Dissolution migration of gas, a mechanism to enrich ethane near the BSR and increase upwardly C1/C2 ratios in the hydrate-occurring zones: Insight from pore-scale experimental observation

Most experiments show that gas hydrates are often enriched in C2+ gases relative to the feeding gas source because of fractionation during hydrate crystallization directly from free gases and dissolved gases. However, sediments below and near the base of the gas hydrate stability zone (BGHSZ) in many ocean drilling program (ODP)/International Ocean Discovery Program (IODP) sites are relatively enriched in C2+ hydrocarbon gases, compared with the hydrate-occurring zone above.

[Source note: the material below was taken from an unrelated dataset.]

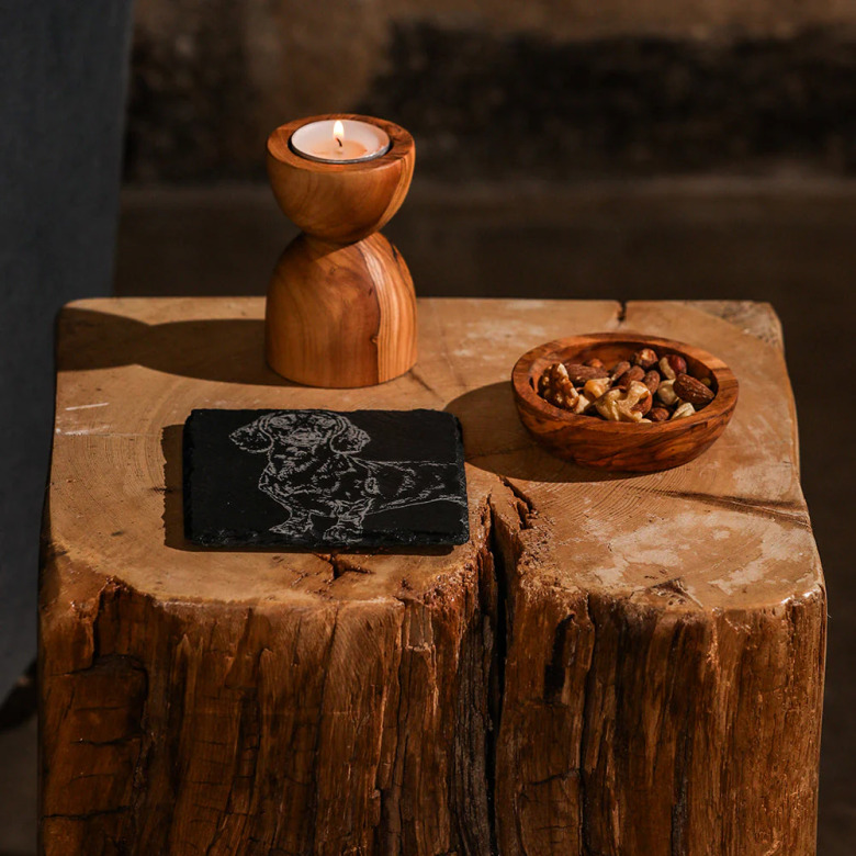 Ett handgjort underlägg med en graverad tax - ett trevligt sätt att skydda dina ytor från fukt och spill

It is still unclear what kind of process causes the abrupt decreases in C1/C2+ ratios with the depth in headspace gas in sediments around seismic bottom-simulating reflector (BSR) and increasing upward C1/C2 ratios in the hydrate-occurring zone. To test the “dissolution/migration mechanism” and its links to the enrichment of ethane near the BSR and increasing upward C1/C2 ratios in the hydrate-occurring zone, we performed a series of pore-scale experimental observations, simulating the gas dissolution–migration–hydration processes, and investigated the effects of the composition of feeding gases and temperatures on the composition of the hydrate grown under the dissolution–migration mechanism. Hydrates are grown from aqueous fluids supplied by the migration of gases dissolved from the capillary-trapped free gas in a capillary high-pressure optical cell, with different supplying gases (90 mol% CH4 + 10 mol% C2H6, 80 mol% CH4 + 20 mol% C2H6) and a geothermal gradient (temperature from 278.15 to 293.15 K). The gas hydrate structure and composition were determined by quantitative Raman spectroscopy. Our study indicated that (1) under the dissolution–migration–hydration processes, the mole fraction of C2H6 in hydrates is depleted compared with gas sources, which confirms that the dissolution–migration of gases is a mechanism to enrich ethane near the BSR; (2) the proportion of C2H6 in structure I (sI) or structure II (sII) hydrates decreases with decreasing temperature, and decreasing temperature enlarges the difference of diffusion coefficient between methane and ethane and enhances the gas fractionation during migration, which could cause the increase upwardly C1/C2 ratios in the hydrate-occurring zone. A simplified geological model was proposed to explain the variability of hydrate composition with depth in the hydrate-occurring zone and the fractionation of gases near the BSR.